Last week Ms. Lerner invoked her Fifth Amendment right against self-incrimination at a congressional hearing.

Ms. Lerner, who has denied wrongdoing in the agency’s focus on tea-party groups, has been placed on administrative leave.

The lawyer who represents Freedom’s Watch, Jeff Altman, said his informal conversations with IRS agents indicated the five people who got the audit letters were all donors to Freedom’s Watch.

Private conversations with at least three of Freedom’s Watch donors or their attorneys confirmed they received the letters, he said.

The audit of Freedom’s Watch was conducted by Ms. Lerner’s exempt-organizations unit. The gift-tax audits were conducted by workers in the estate and gift-tax unit, housed in a separate division of the sprawling IRS.

In a 2011 letter, GOP lawmakers asked whether the exempt-organizations unit played a role in the gift-tax audits. In a written response, a top IRS official implied the exempt-organizations unit referred the matter to the estate-and-gift tax unit.

The official, Steven Miller, who was recently ousted as acting commissioner, said the gift tax unit didn’t have access to the names of donors to 501(c)(4) groups.
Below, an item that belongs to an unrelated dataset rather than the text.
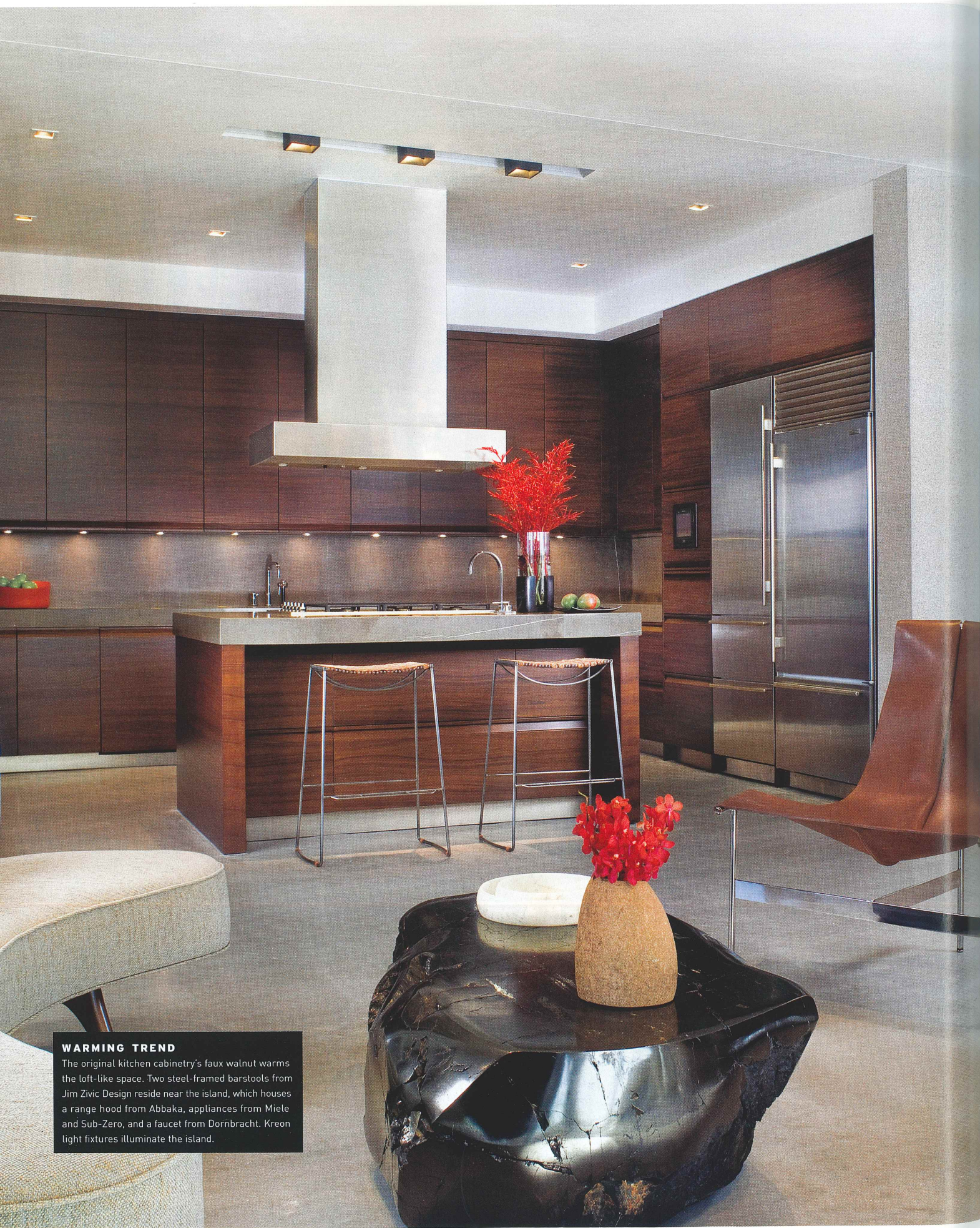
WARMING TREND The original kitchen cabinetry's faux walnut warms the loft-like space. Two steel-framed barstools from Jim Zivic Design reside near the island, which houses a range hood from Abbaka, appliances from Miele and Sub-Zero, and a faucet from Dornbracht. Kreon light fixtures illuminate the island.

Instead, those names are directly available only to Ms. Lerner’s unit.

Referrals of tax-return information from one unit to another are appropriate when necessary and not unusual, Mr. Miller’s letter said. Then-Commissioner Shulman’s May 2011 letter also said the gift-tax audits were the result of an “internal referral.”

Freedom’s Watch’s two-year audit came after two complaint letters were sent to the IRS, one by the Democratic Congressional Campaign Committee, the party’s House election arm, and another entity whose name is redacted in letters provided to Mr. Altman by the IRS.

Mr. Altman said the IRS told him the audit was triggered by the letter from the entity that had its name redacted.

The group ended up paying about $12,000 in owed taxes for discrepancies in deductions the group had taken, out of a budget of about $56 million.